Her 1964 LP That Girl won a Juno Award.

== Early life and education ==
Phyllis Irene Elizabeth Marshall was born to American parents on 4 November 1921 in Barrie, Ontario. As a child she studied piano and was a promising track athlete, setting the Canadian record for the girls' 100-yard dash. The family moved to Toronto where she attended Runnymede secondary school. She was inspired to get into show business after winning a high school talent contest.

== Career ==
At the age of 15 years, Marshall made her singing debut on Toronto radio station CRCT, and later performed on CBC Radio with Percy Faith. She performed in the Silver Slipper nightclub in Toronto in September 1938. Her career as a performer took off when her dreams of competing as a sprinter at the Olympics were cut short by the start of World War II and cancellation of the 1940 games.

Throughout the 1930s and 1940s she sung jazz, touring the US with the Cab Calloway Orchestra and performing on stage in Toronto at venues such as the Park Plaza Hotel. Starting in 1949 and through until 1952, she was a regular performer on the CBC Radio show initially called Blues for Friday later called Starlight Moods. She was also a regular performer on the CBC Television show Cross-Canada Hit Parade, which aired between 1955 and 1960. In 1959, she appeared on a BBC television show The Phyllis Marshall Special.
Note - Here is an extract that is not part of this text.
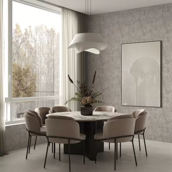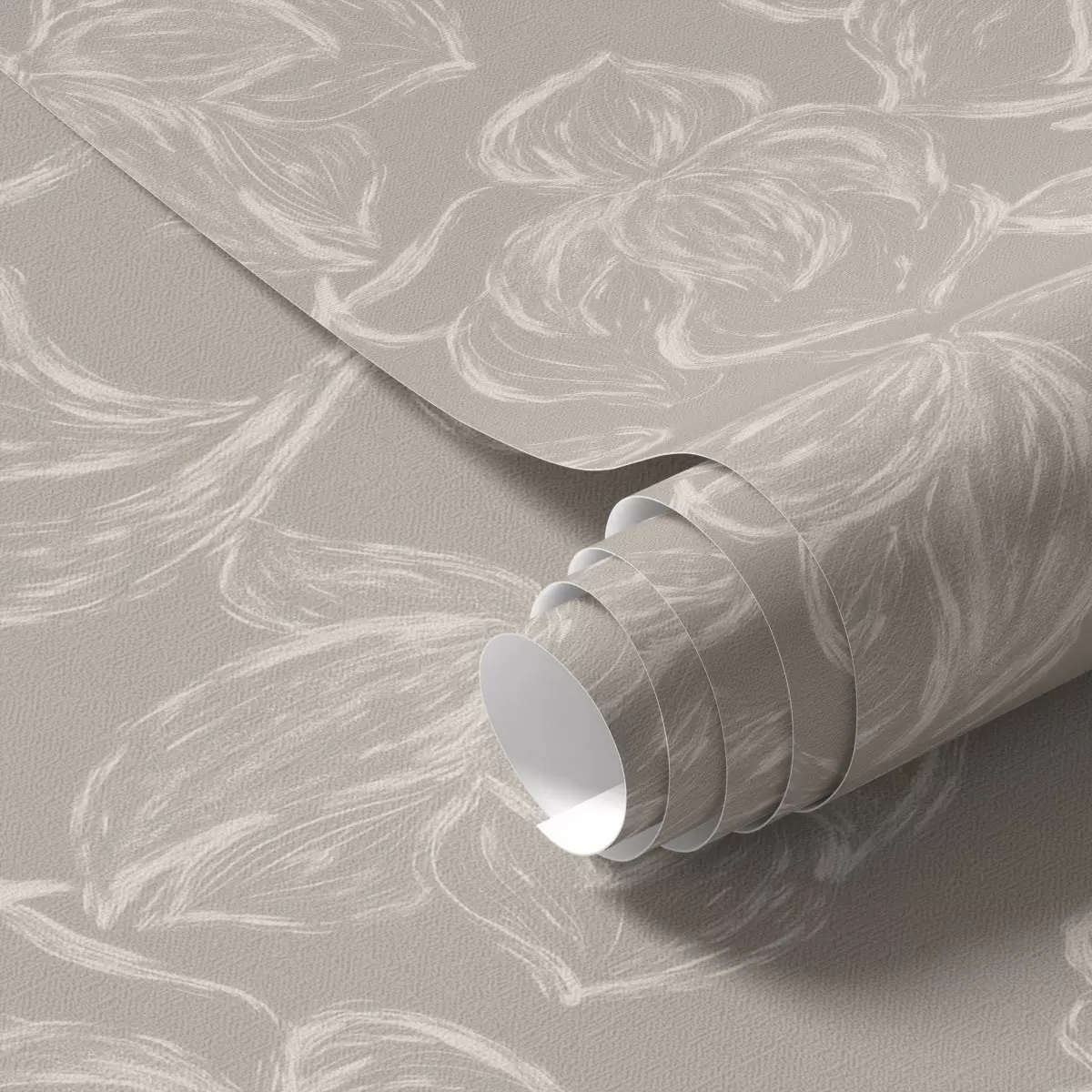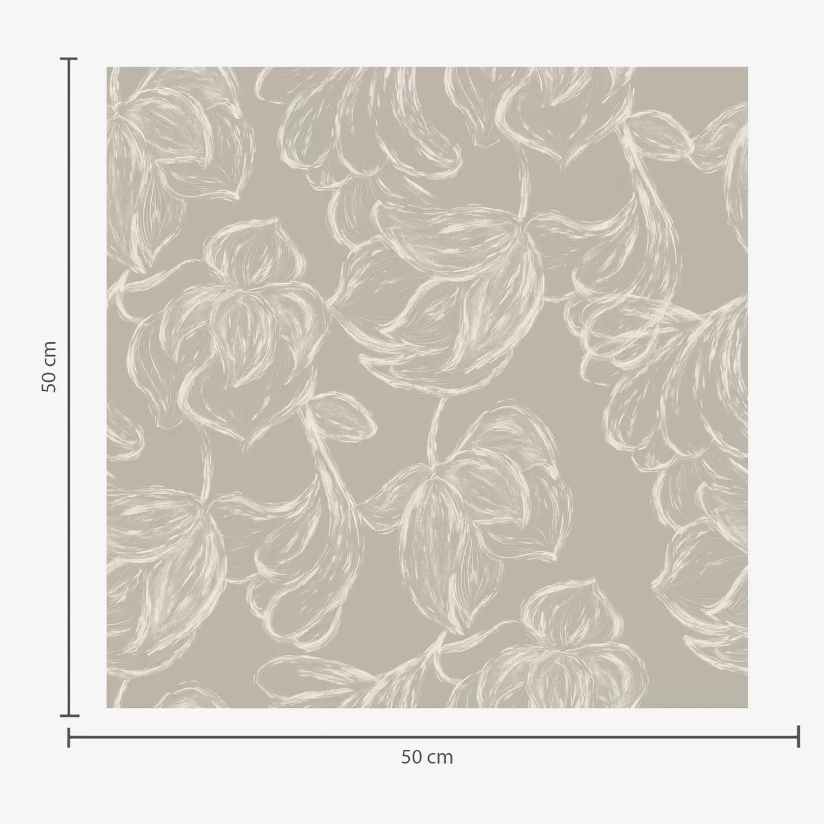 Tapete Cremefarbene Blumenumrisse auf warmem Taupe-Hintergrund Nr. a00625v2

Her acting career started in 1956 when she first performed at the Crest Theatre in Toronto. She appeared in a CBC production of The Amen Corner, as well as the CBC Television show Paul Bernard, Psychiatrist and the CBS/CTV show Night Heat.

In 1964, she released the jazz album That Girl which won a Juno Award.

She was one of the first Canadian television stars, and was described by Encyclopedia of Music in Canada as a "pioneer among black Canadian performers". In a CBC interview in 1960 she said that racial prejudice hadn't been a problem for her in Canada or Europe, but that she had experienced issues when touring in the US.

== Family life and death ==
Marshall was married twice, including to CBC staffer Ed McGibbon and lived in the Rosedale neighbourhood of Toronto, Ontario.

She had a daughter, Sharon Lee Marshall, who worked as a model.

Marshall died on 2 February 1996 aged 74 in Toronto.